Le président de la République, M. Abdelmadjid  Tebboune, a réaffirmé, mardi, le soutien constant de l’Algérie au processus  de développement global en Afrique, convaincue que la véritable renaissance  économique ne saurait se réaliser qu’à travers la mise en place  d’infrastructures intégrées et modernes, à même de répondre aux aspirations  des peuples du continent et de s’adapter aux défis d’un monde en mutation.

Dans une allocution prononcée en son nom par le président du Conseil de la  nation, M. Azouz Nasri, à l’ouverture des travaux du 3e Sommet sur le  financement du développement des infrastructures en Afrique, qui se tient à  Luanda sous la présidence de M. Joao Manuel Lourenço, président de la  République d’Angola et président en exercice de l’Union africaine (UA), le  président de la République a souligné que l’Algérie « demeure convaincue de  l’unité du destin africain et attachée aux principes de solidarité et de  fraternité ».

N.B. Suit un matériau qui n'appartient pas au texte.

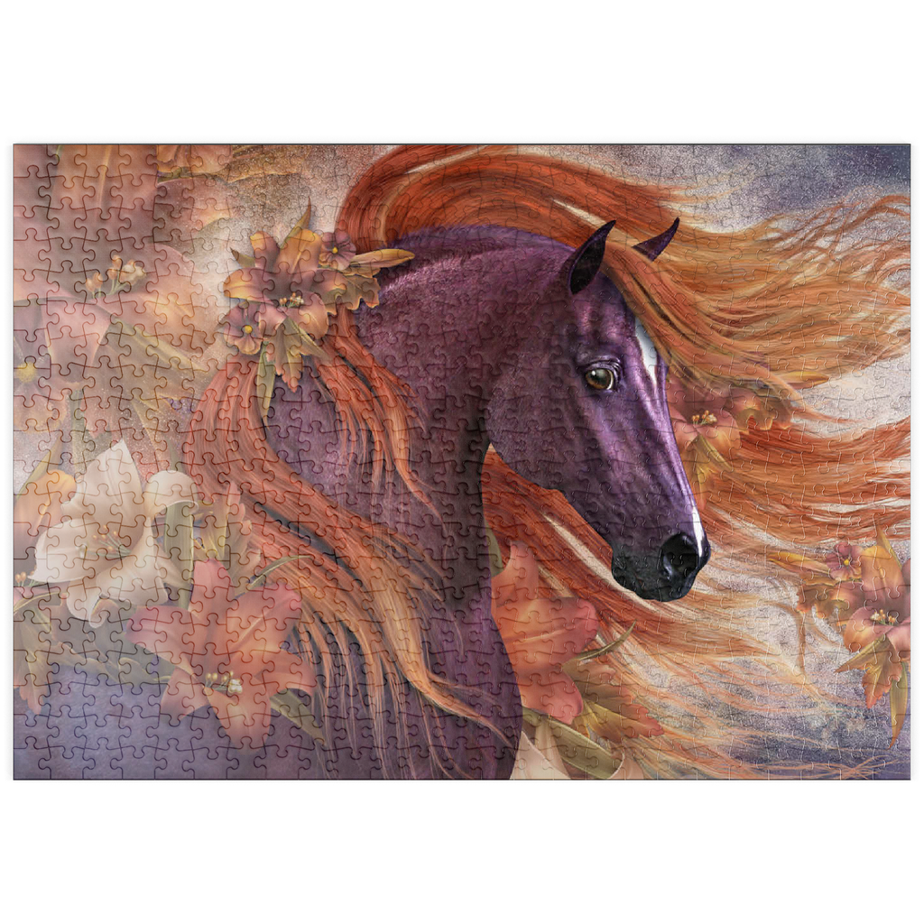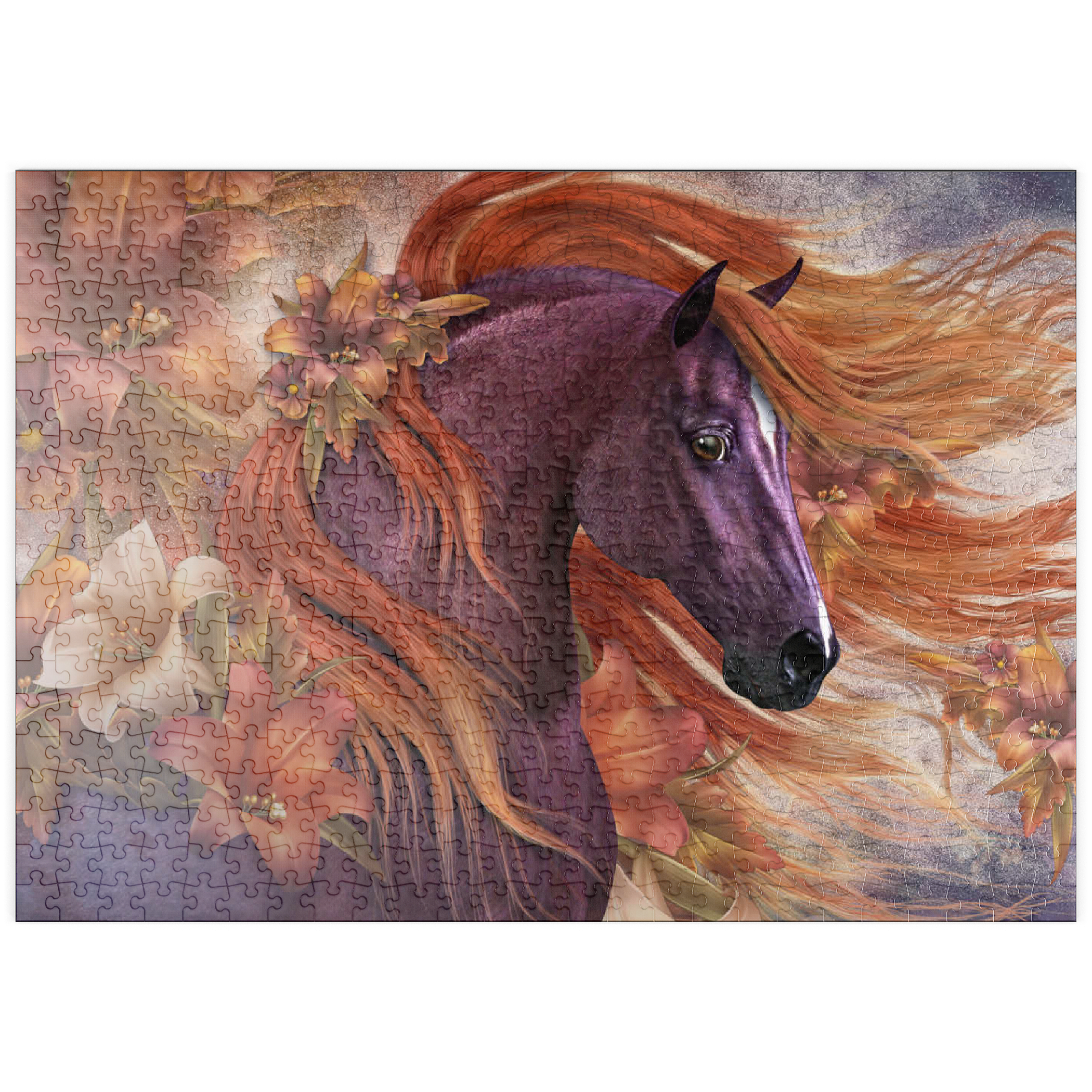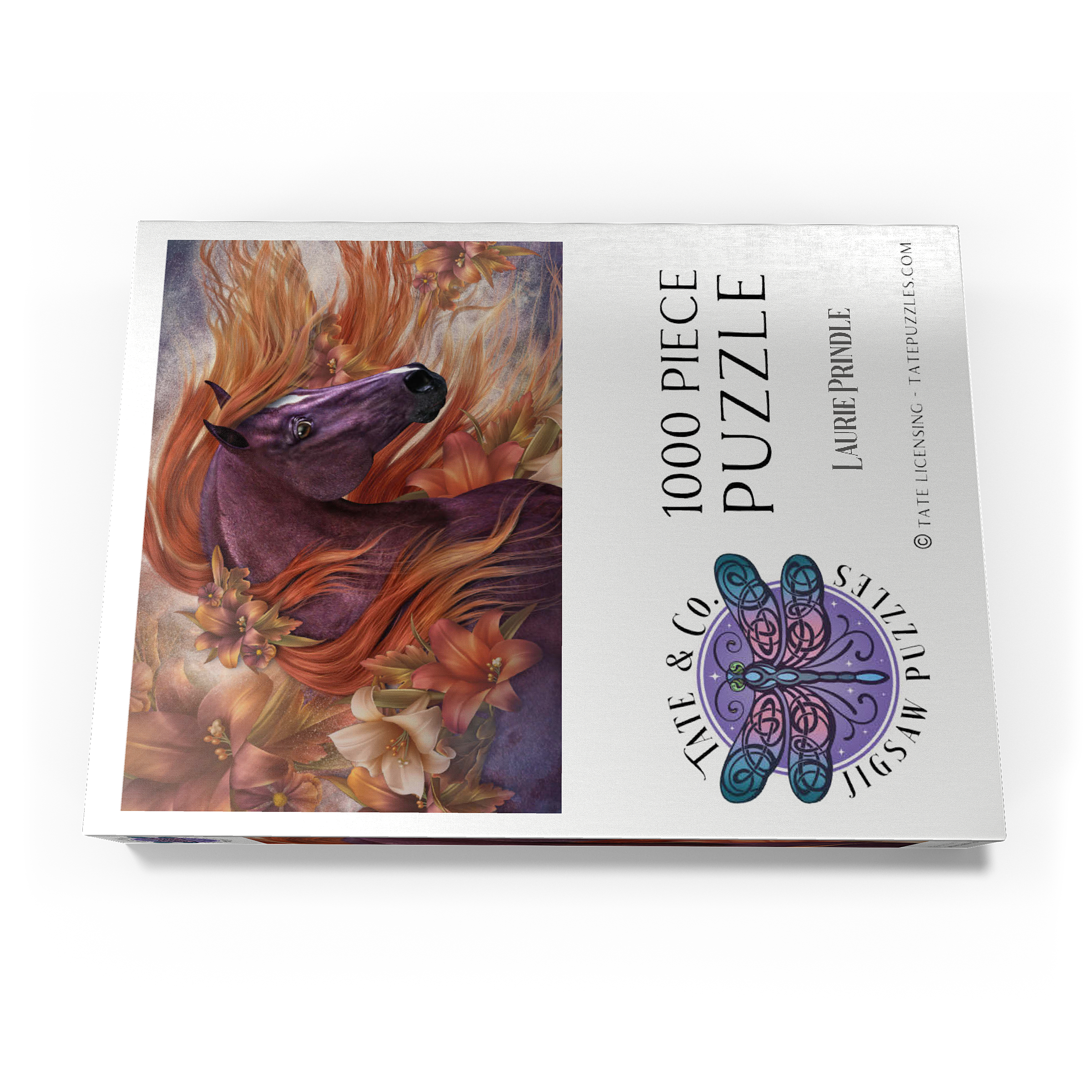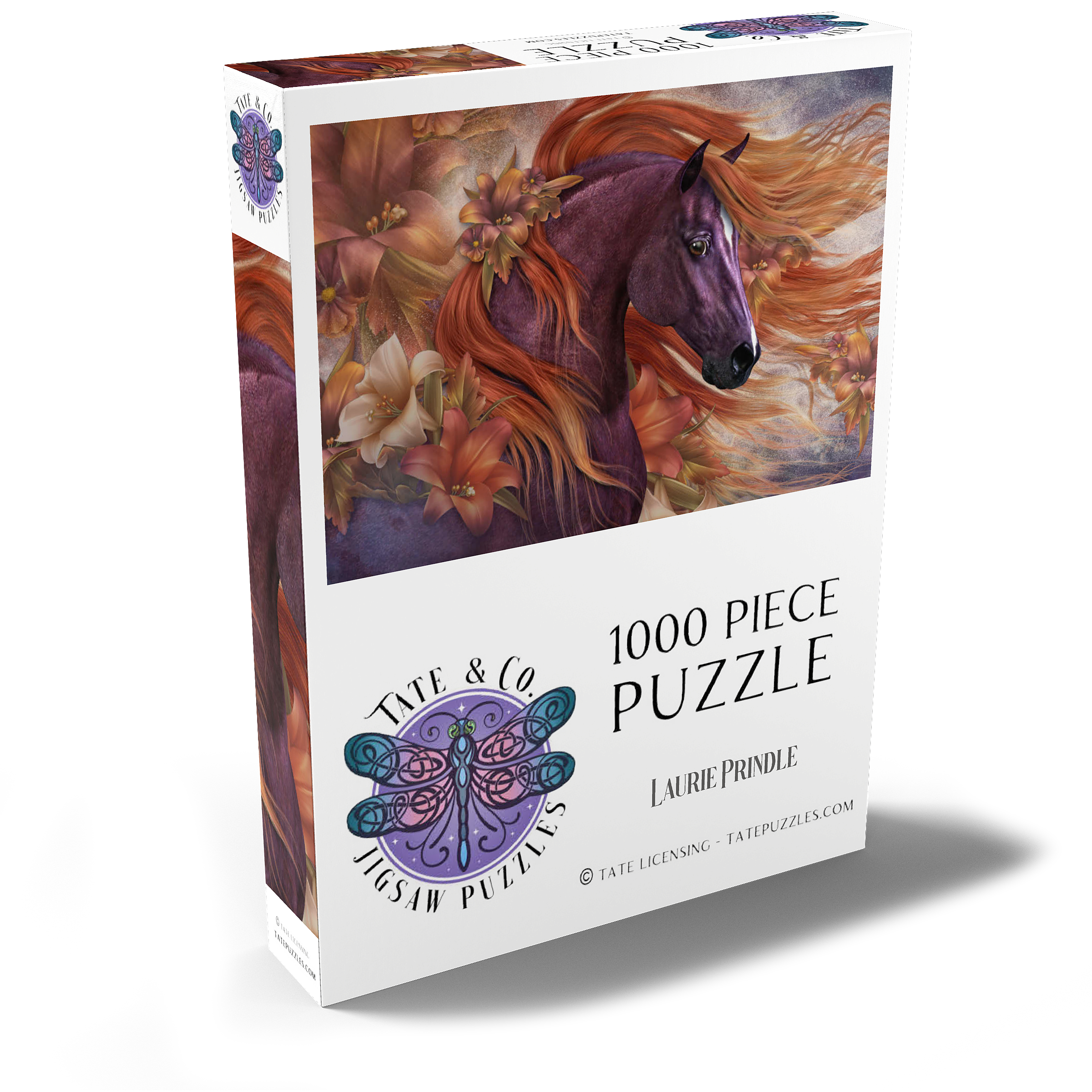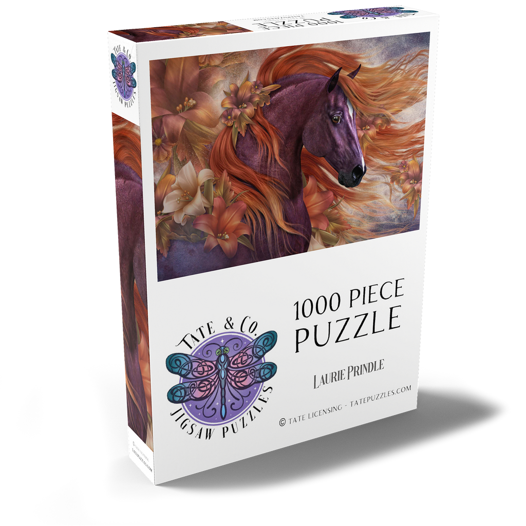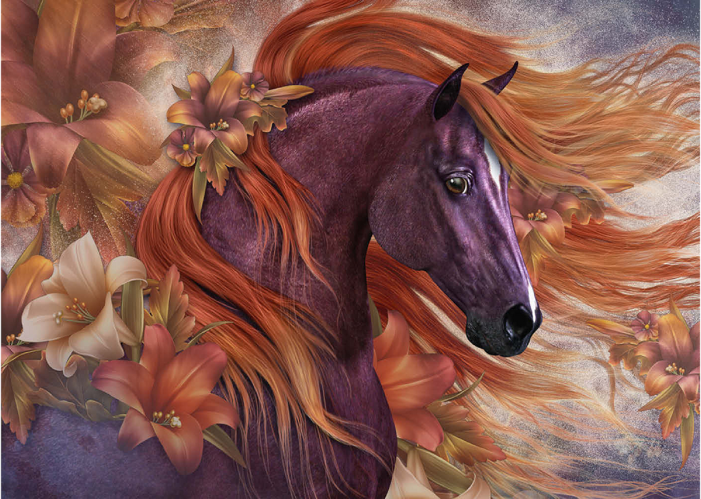 Ein majestätisches Pferd mit einem auffälligen fuchsfarbenen Fell und einer prächtigen, langen und wallenden flachsblonden Mähne in feurigen Orange- und Rottönen ist mit eleganten Herbstlilien und zartem Laub geschmückt. Der Hintergrund ist geprägt von einer sanften, ätherischen Mischung aus warmen Orange- und Violetttönen mit einem Hauch von Weiß, wobei subtile Blumenformen die magische Atmosphäre unterstreichen. Dieses Fantasy-Kunstwerk von Laurie Prindle erinnert an Themen wie Herbst, Feuer, Schönheit und mythische Pferde und schafft eine faszinierende und warme Herbstszene.

Le président de la République a rappelé, dans ce cadre, que l’Algérie  avait initié des mégaprojets stratégiques à dimension continentale,  s’engageant à mobiliser les ressources locales et à s’ouvrir à des  partenariats innovants et multilatéraux, en coopération avec les  institutions financières régionales et internationales d’appui.    Il a également rappelé l’engagement de l’Algérie à jouer un rôle actif  dans le soutien au développement africain, à travers le lancement et la  mise en œuvre de projets prometteurs incarnant son intime conviction que la  coopération et l’intégration constituent la voie la plus efficace pour  parvenir à une prospérité commune.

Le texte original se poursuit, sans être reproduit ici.